Every line below needs to be transcribed without alteration, and no image may be carried over.

Information shown:
* * * * *

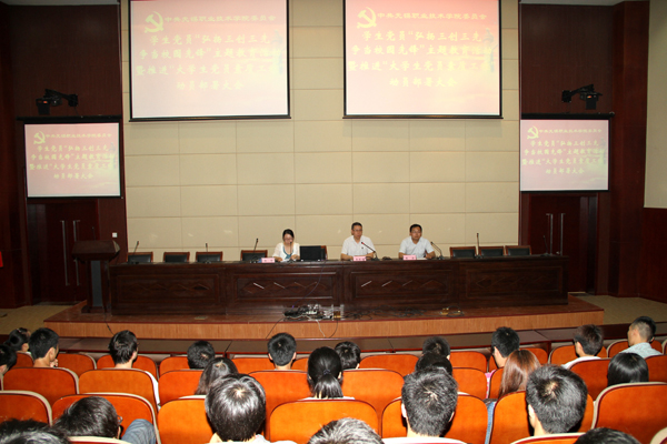 王国忠部长向到场的学生党员通报了《关于在学生党员中开展“弘扬三创三先 争当校园先锋”主题教育活动的通知》,指出此次主题教育活动的目的是要引导学生党员争当“思想政治好、学习成绩好、作用发挥好、群众反映好”的“四好校园先锋”,在德智体美相互促进、有机融合中实现全面发展,成为高素质、高技能先锋人才。大学生党员素质工程是省委组织部结合我省实际,为深化创先争优、提高大学生党员队伍建设科学化水平而决定实施的,旨在通过形式多样的活动,努力实现大学生党员思想政治、道德品行、科学文化、工作能力和身体心理素质“五个显著提升”。
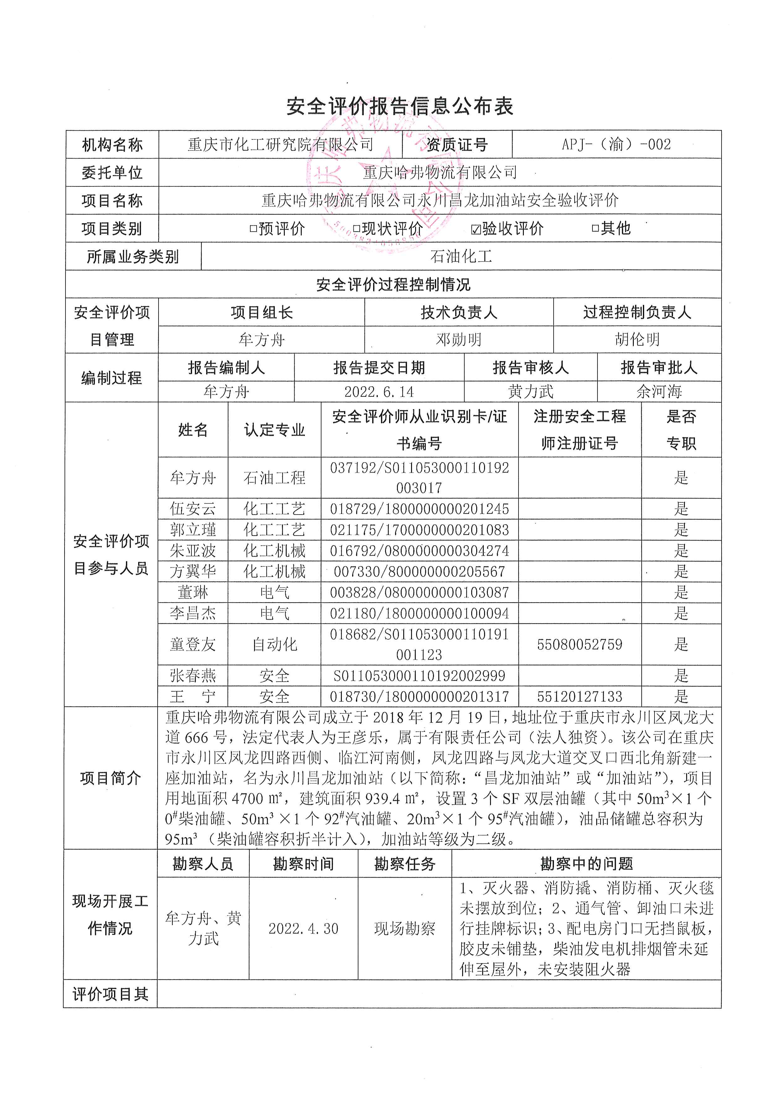 2022年第2季度 重庆哈弗物流有限公司永川昌龙加油站安全验收评价报告 信息公布表
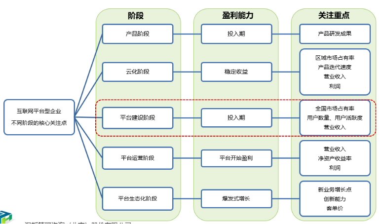 其中,《長效激勵方案(公司級)》中創(chuàng)新性地提出了互聯(lián)網(wǎng)平臺型公司的發(fā)展階段和特點(diǎn):
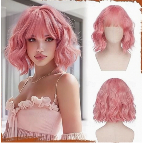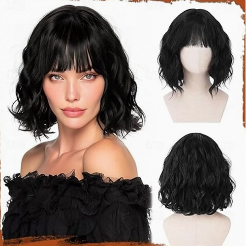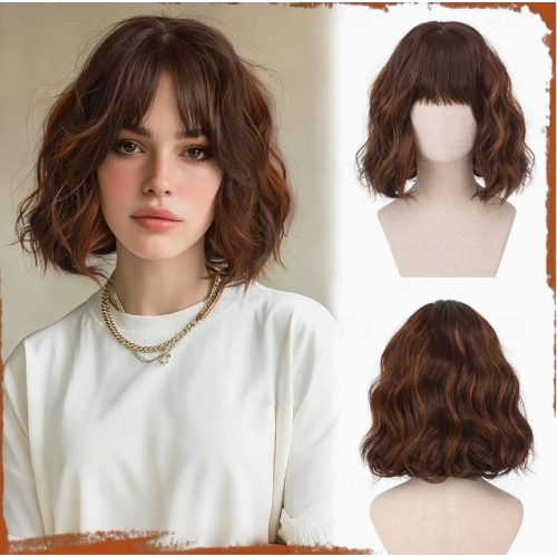 Short wavy golden chestnut brown wig, 12-inch bob with bangs, women's curly shoulder-length bob wig, everyday style.
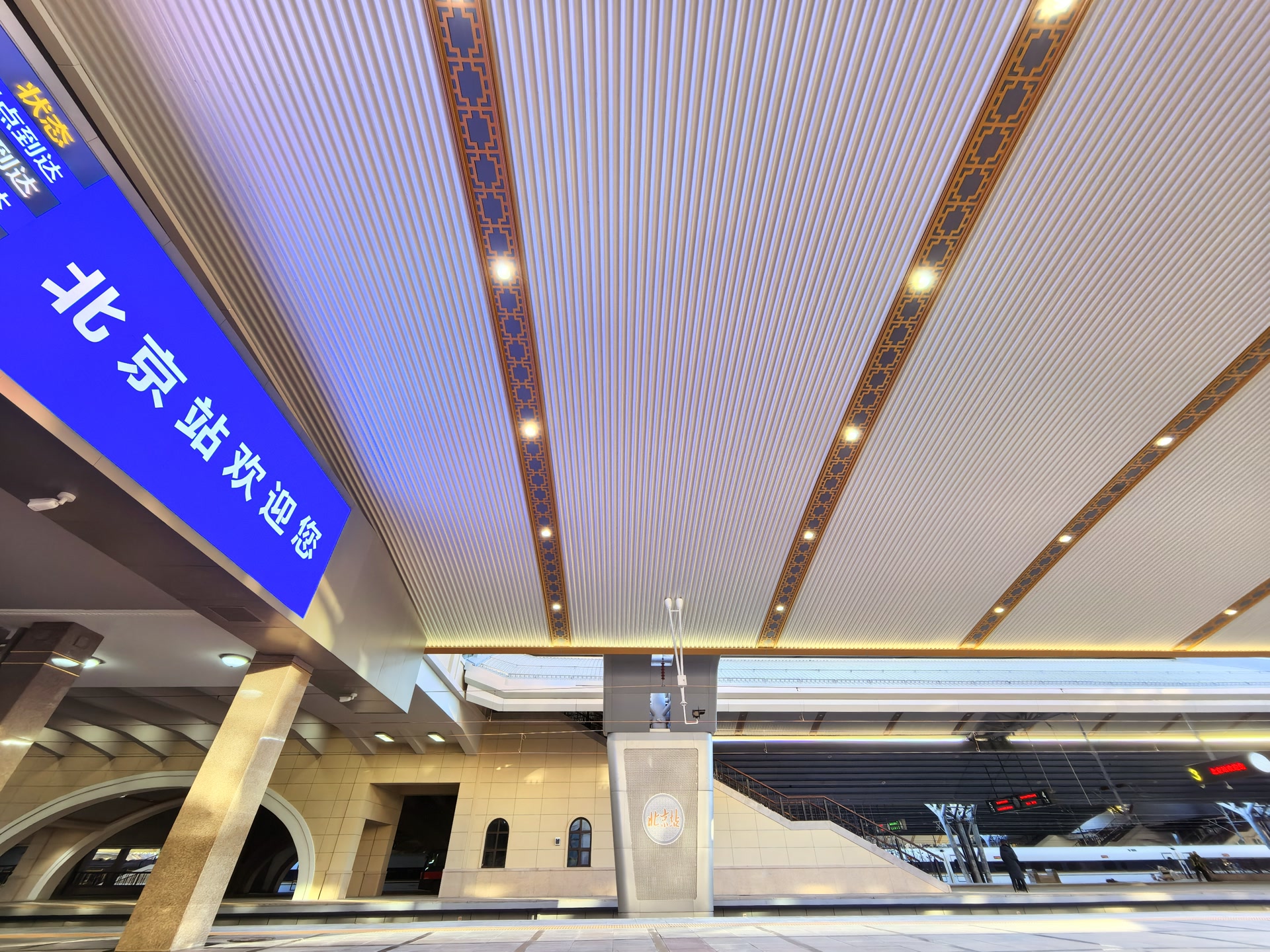 近日,从北京站上下车的旅客行至站台处抬头就能发现,头顶的雨棚不再是冰冷的工业建筑,不仅更加安全实用,“颜值”也大大提升——棚顶“琉璃黄”与“象牙白”的颜色组合,延续“中华第一站”的庄重典雅;连续景观灯带顺势铺展,亮起时如点点星光串联成线。雨棚还变得更“聪明”,其中藏着不少科技奥秘。
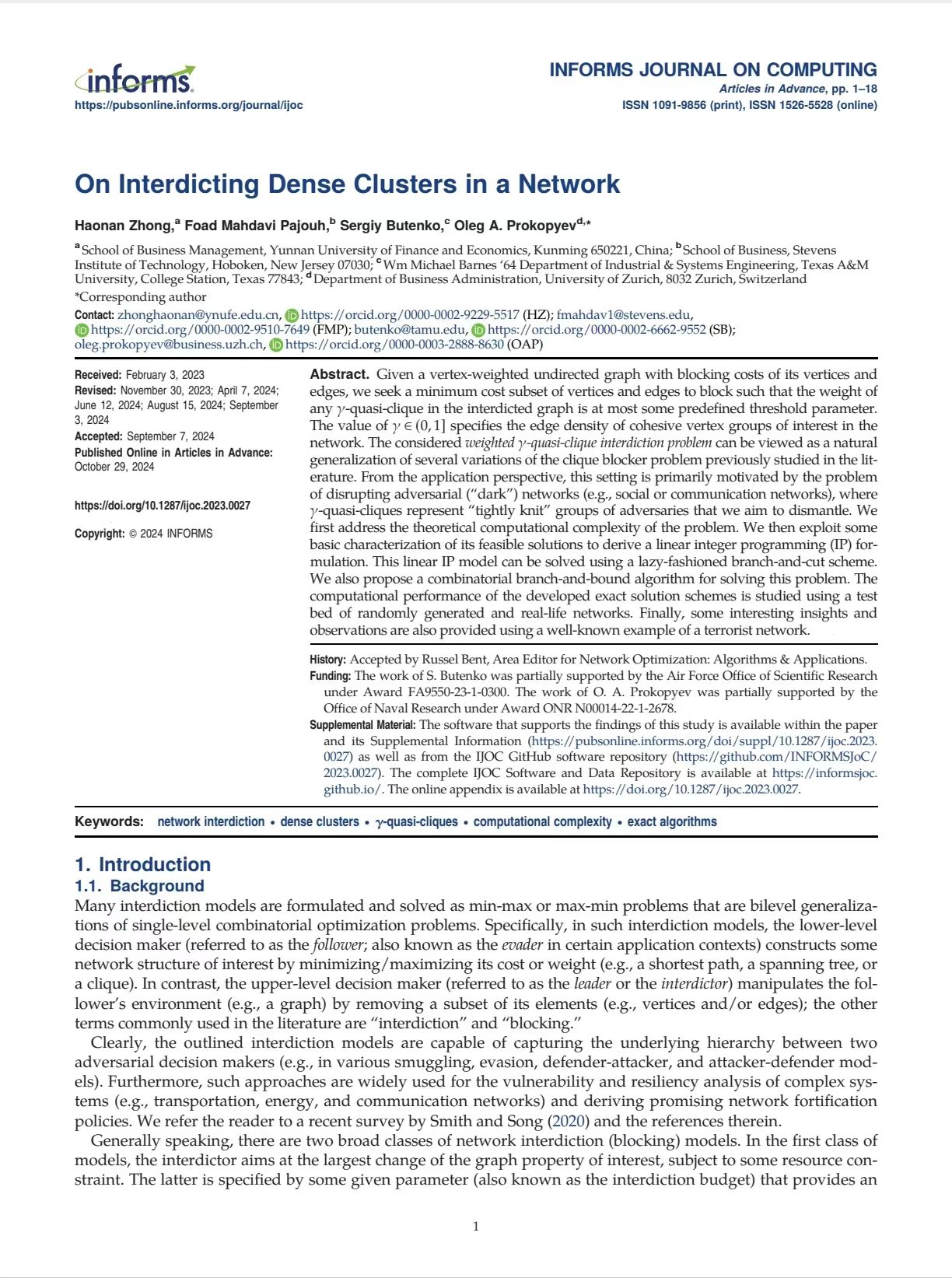 近日,william商学院钟昊男博士以第一作者身份在UTD24期刊《INFORMS Journal On Computing》在线发表论文“On Interdicting Dense Clusters in a Network”,这是william历史上首次以第一完成单位在UTD24期刊上发表论文,实现了UTD24期刊零的突破!

* * * * *

Task answer:
 王国忠部长向到场的学生党员通报了《关于在学生党员中开展“弘扬三创三先 争当校园先锋”主题教育活动的通知》,指出此次主题教育活动的目的是要引导学生党员争当“思想政治好、学习成绩好、作用发挥好、群众反映好”的“四好校园先锋”,在德智体美相互促进、有机融合中实现全面发展,成为高素质、高技能先锋人才。大学生党员素质工程是省委组织部结合我省实际,为深化创先争优、提高大学生党员队伍建设科学化水平而决定实施的,旨在通过形式多样的活动,努力实现大学生党员思想政治、道德品行、科学文化、工作能力和身体心理素质“五个显著提升”。
 2022年第2季度 重庆哈弗物流有限公司永川昌龙加油站安全验收评价报告 信息公布表
 其中,《長效激勵方案(公司級)》中創(chuàng)新性地提出了互聯(lián)網(wǎng)平臺型公司的發(fā)展階段和特點(diǎn):
 Short wavy golden chestnut brown wig, 12-inch bob with bangs, women's curly shoulder-length bob wig, everyday style.
 近日,从北京站上下车的旅客行至站台处抬头就能发现,头顶的雨棚不再是冰冷的工业建筑,不仅更加安全实用,“颜值”也大大提升——棚顶“琉璃黄”与“象牙白”的颜色组合,延续“中华第一站”的庄重典雅;连续景观灯带顺势铺展,亮起时如点点星光串联成线。雨棚还变得更“聪明”,其中藏着不少科技奥秘。
 近日,william商学院钟昊男博士以第一作者身份在UTD24期刊《INFORMS Journal On Computing》在线发表论文“On Interdicting Dense Clusters in a Network”,这是william历史上首次以第一完成单位在UTD24期刊上发表论文,实现了UTD24期刊零的突破!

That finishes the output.